During the school holidays (19th Sept to 4th October) there are additional activities for the kids, including an activity room, they can try rubbing Roman coins, wearing Togas, playing with fresco and mosaic designs or taking a slaves eye view. There is a museum shop where you can buy Pompeii related reproduction items such as jewelry, ceramics, pots and childrens games such as an excavation kit with buried artefacts or a build you own Vesuvius.

We did some customer surveys while we were there.

The Melbourne Italians appreciated a bit of their homeland coming to their new land. Flags everywhere advertise it. The flags were flying in Lygon Street, the Italian quarter of Melbourne, with many Italian restaurants outbidding each other for your business. We ate Siciliano.

A couple, who live in Melbourne, who we met in Sorrento in March, had been to Pompeii on three previous occasions but had not got too much out of the visits. We pointed out a few places they could see and explained a bit about Pompeii while we travelled on the Circumvesuviano train from Sorrento. When we met up with them again in Melbourne they said our pointers had opened their eyes to a different Pompeii compared to all the previous times they had been there. As a result they had been able to get so much more than they would have thought possible out of the exhibition in Melbourne. They had really enjoyed the exhibition and had found it very informative.

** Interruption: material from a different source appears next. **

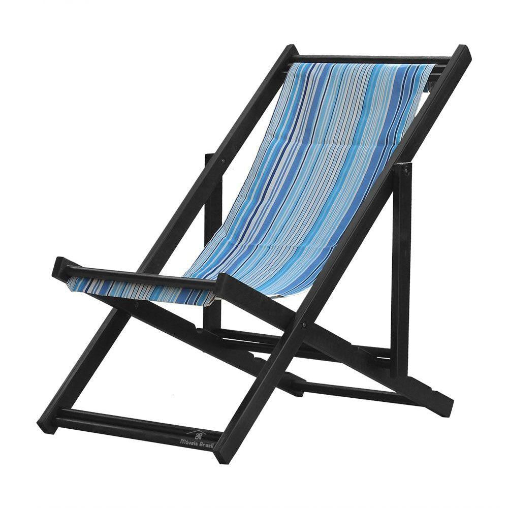 Espreguiçadeira Preguiçosa Dobrável Black Sb-listras Azuis
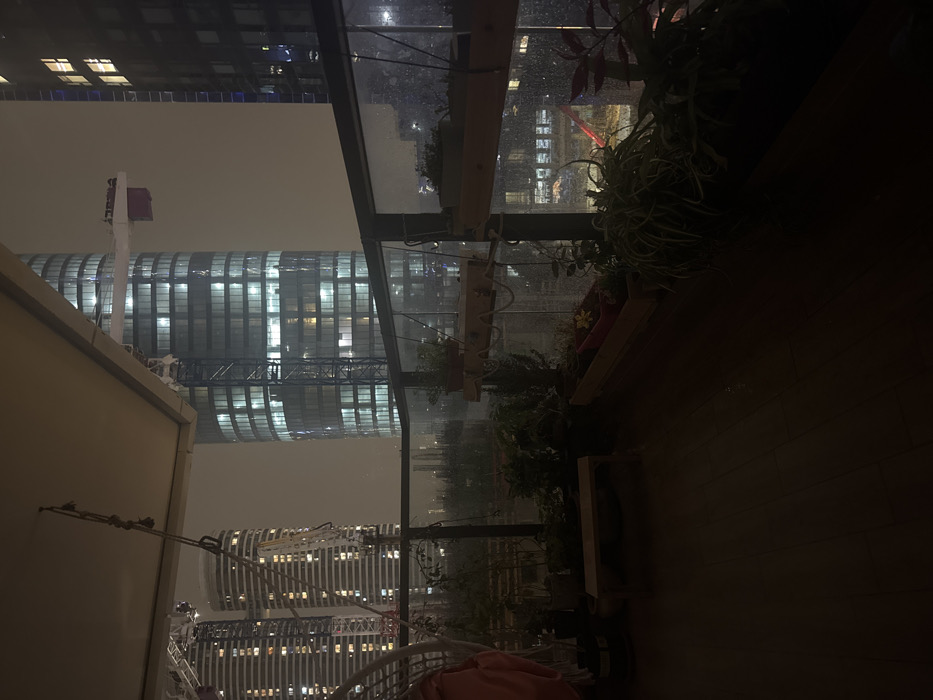 Night view from a high balcony shows skyscrapers obscured by fog. Lights illuminate their curved facades, reflected in the glass balcony structure. Plants line the balcony, creating a blurred foreground, contrasting with the sharp lines of the buildings beyond. The dark wooden floor of the balcony stretches into the right side of the frame.

We only heard positives about the exhibition:-
  • The adults found it very informative and the 3D movie of the eruption and the plaster casts very moving.
  • The school children found it very exciting.
  • The Italian restauranteurs talked enthusiastically to us about it.
  • The night time exhibition opening was packed, above and beyond those attending the lecture.
All in all a very successful exhibition that has something for everyone. If you have not yet seen it you should go soon as the A Day in Pompeii” exhibition is at Melbourne Museum, Victoria, Australia, until 25th October 2009.

When the exhibition finishes in Melbourne it then goes to Museum of New Zealand Te Papa Tongarewa, from 19th December 2009 until 25th April 2010.

We were told that special earthquake-proof cases will have to be made for the items going to New Zealand. The artefacts should feel quite at home.